CS 3343/3341, Matrix-chain Multiplications

CS3343/3341
Analysis of Algorithms

Matrix-chain
Multiplications

Matrix-chain Multiplications: Matrix multiplication is not commutative, but it is associative. For matrices that are not square, the order of assiciation can make a big difference. Dynamic programming solves this problem (see your text, pages 370-378). This example has nothing to do with Strassen's method of matrix multiplication.
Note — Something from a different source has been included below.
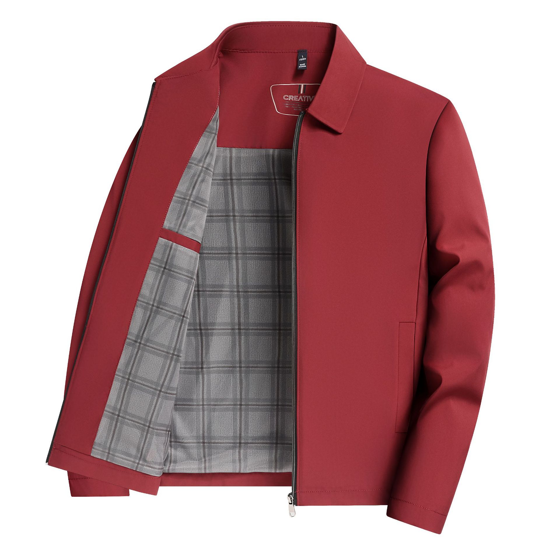 日本品质休闲翻领商务夹克男中年爸爸装秋季新款高档纯色拉链男士

First, recall that if one wants to multiply two matrices, the number of rows of the second one must equal the number of columns of the first, so that they must look like: (p x q) * (q x r) = (p x r), because we keep taking a row of the first times (inner product) a column of the second (they have to "fit together'). In this example, we do p*r inner products, and each inner product involves q multiplications, so there are p*q*r multiplications altogether.

Following your text's example, consider a chain of three matrix multiplications: (10 x 100) * (100 x 5) * (5 x 50). There are two ways to associate this triple product, each giving the same answer:

[(10 x 100) * (100 x 5)] * (5 x 50) = (10 x 5) * (5 x 50) = (10 x 50)
Multiplications: (10*100*5) + (10*5*50) = 5000 + 2500 = 7500

(10 x 100) * [(100 x 5) * (5 x 50)] = (10 x 100) * (100 x 50) = (10 x 50)
Multiplications: 100*5*50 + 10*100*50 = 25000 + 50000 = 75000

This is an extreme example, but the two different way differ by a factor of 10. We can represent the sizes of this triple product by a simple list of 4 numbers: {10,100,5,50}. We know the remaining dimensions since the matrices must fit together.

A chain of a product of n matrices is described by a list of n+1 numbers. Your text's standard example is given by the list: {30,35,15,5,10,20,25}. Then a triangular table is constructed from the bottom up, choosing the best way to do the final multiplication at each stage. Here is an illustration from your text (page 376).

Click picture or here for full size picture.

We start with a list of matrices: {A₁,A₁,...,A_n} for some n >= 1. There is also a list of integers {p₀,p₁,...,p_n} such for each i, A_i has dimensions p_i-1 x p_i.

Your text denotes by A_i..j, for i <= j, the matrix resulting from the chain multiplication A_i*A_i+1*...*A_j. This matrix is independent of the association, and we are only interested in the required number of scalar multiplications needed for this computation. In the diagram above, the table entry m[i,j] holds the minimum number of scalar multiplications needed to compute the matrix chain A_i..j. Of course, A_i..j = 0. Then A_i..i+1 is just the product of the two matrices A_i*A_i+1.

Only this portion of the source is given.